Softpage... and How it's made.

Softpage... and How it's made.

ยท

6 min read

undraw_code_thinking_1jeh.png

'Learn from the mistakes of others. You can't live long enough to make them all yourself.' - Eleanor Roosevelt

I knew someone said this, just googled the name, giving credits is something you learn in developer community. This what is going to happen for you throughout this post.

It started as announcement from python faculty, make something for 15 marks of innovative assignment, just week before pandemic vacation started in 1st week of March. I wanted to make something that makes checking the assignment task easy for faculty kind of automate it if possible. So less time gets wasted in this and they don't indulge in this kind of silly thing, rather they can focus on contributing to other important stuff/experimenting compare to just announce lab title and get back to assessment.

All I had was just a simple concept, get the file, get similar topic from google and then compare. How to do it? What is NLP? What else will be needed? I had no idea, just got myself started, by reading file.

I thought OCR is good thing, but not for my use case. Pytesserasct is Google's image to text extraction library for python. I tried its not good to read bulk hand written text. It's not there yet to read End-Moment-Engineer's-Attempt. Only God and writer himself can read it smoothly, there are chances of God making error on the way though.๐Ÿ˜œ

OCR not good choice, So '.txt' files worked (why didn't I thought that earlier) and then I found out that NLP exist, came across with libraries like spacy and nltk which are really good and kind of must you should know if you want to do something properly in NLP (Natural Language Processing). This helped me get how to extract necessary part of sentence. I am thinking to add pdf and MS doc support as well.

So now pandemic is real and we all are home, and college discovered that zoom exist. New task everyday still I managed to learn tkinter (GUI library for python), and with web scrapping my Google Comparator or any other not so good though version of this software was ready. It summarized, compared online and locally but was very rough implementation, even I won't trust it but it served the purpose of innovative assignment.

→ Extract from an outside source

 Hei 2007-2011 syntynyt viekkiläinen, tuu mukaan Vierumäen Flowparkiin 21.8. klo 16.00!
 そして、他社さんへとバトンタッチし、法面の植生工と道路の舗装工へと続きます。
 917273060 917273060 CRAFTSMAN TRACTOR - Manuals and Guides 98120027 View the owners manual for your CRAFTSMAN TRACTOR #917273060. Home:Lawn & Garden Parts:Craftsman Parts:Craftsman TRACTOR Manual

Now when classes were online, we came to know that faculty are using Plagiarism detection tools like turnitin and one factor was also I don't have any proper project to put on GitHub and resume and haven't made something in really long time, also it's 6 semester so placements are close and to test my python and many other minor factors thought that lets make this thing useful and in somewhat a proper project , Can't say it's good but I tried.

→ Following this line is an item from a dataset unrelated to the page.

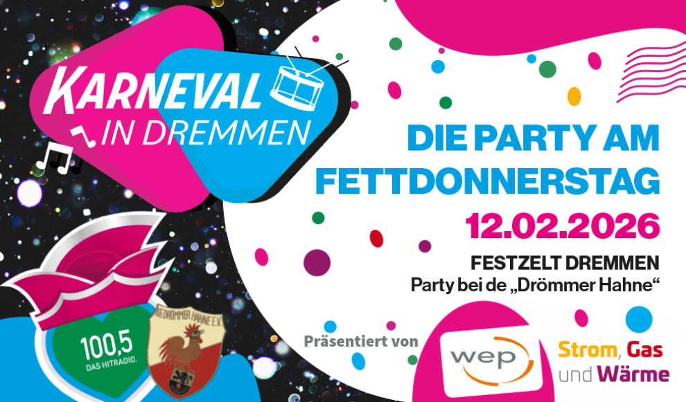 Am Donnerstag, den 12. Februar 2026, verwandelt sich das Festzelt in Dremmen wieder in Deine ultimative Karnevalshochburg!

So now let's dive into how I made this thing called Softpage .

undraw_Code_review_re_woeb.png

Day 1 of version 2.0 for this, my words for my own code "What is this shit?" I didn't wanted to work on this. My friend told me once "Companies spend lot of money to rewrite old codebase" I realized it now.

So yeah now, lets decide what we need and what we have to make, but be flexible, in middle you can have a better idea of what could be improvement and what could be clutter to your work. Be sure of what project should serve but be flexible on how and what features you provide.

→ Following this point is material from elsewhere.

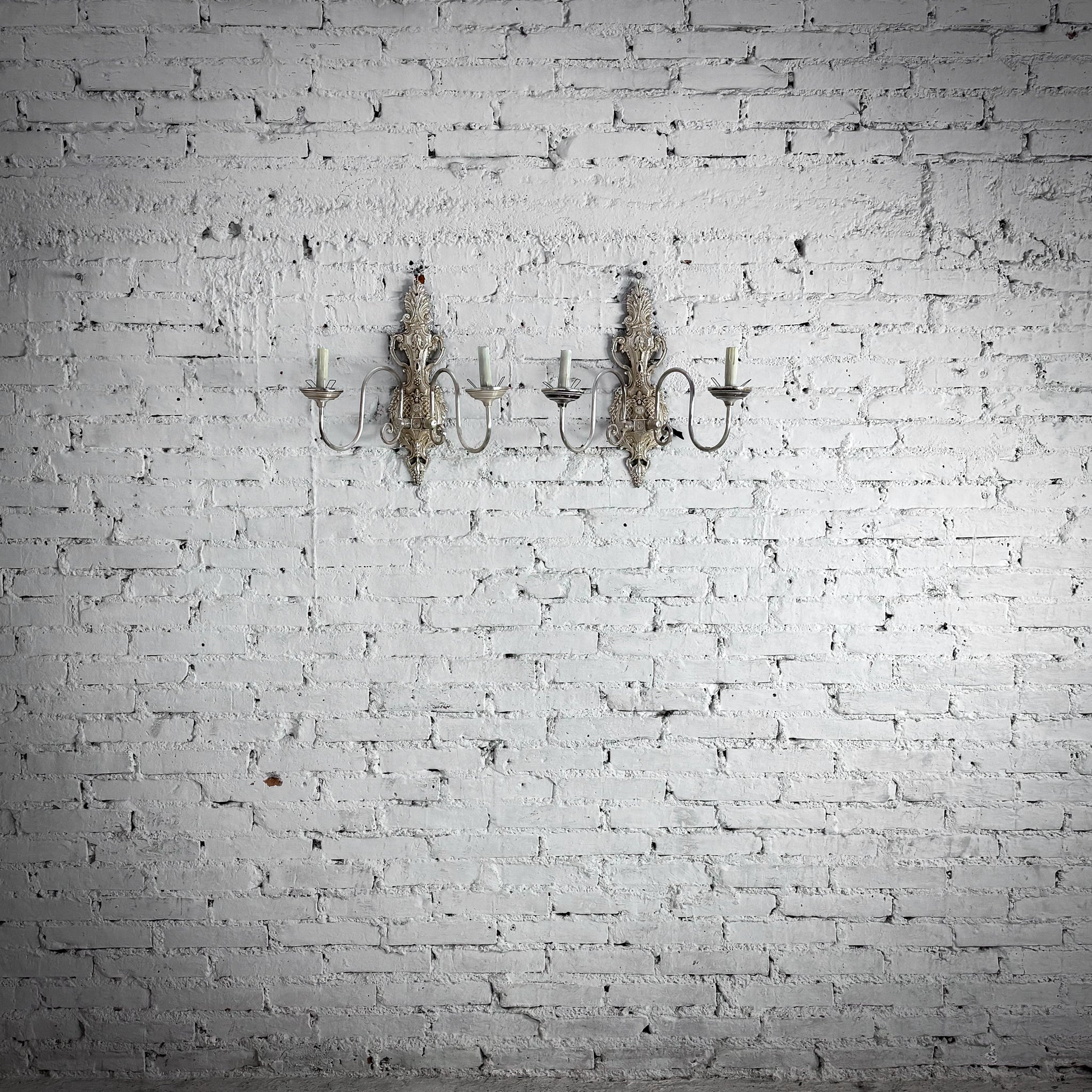 Flush Mount Sconce. Set of 2 Mid-century Rococo-revival two-arm wall sconce in cast aluminium with scrolling acanthus motif and aged gilt finish. Electrified

I thought why don't just use something from rapidapi it will work right and less code would look clean. Searched 3 hours of 'Free plagiarism API', 'plagiarism detection API', 'Online plagiarism API free' and few other combinations found many but all were paid. 2 weeks ago I was like why they are charging money there should be something for free at least, Now I realize it, if you want to use my code I will also charge money now, even though it's not good but I have worked on it and it gives some output so yeah why not.

If you want the world value you, "Start by yourself". - anonymous

My first version had 1 file, easy to write, easy to work... for a while, then it's clutter. Hard to find where's function I was working last night. Another keep the names of at least functions on what purpose they serve, it's okay to use x, z, a[] but when it's part of global scope, use meaningful conventions.

Divide Project in small features, features in functions and code those function, think the flow of how you want to provide functionality and code functions serving the task in manageable segments. Once one feature is done, put all the function serving it in one file, name it after the feature. That's what I did in new Softpage . It is good to provide enabling/disabling when some part of code is taking sometime to execute.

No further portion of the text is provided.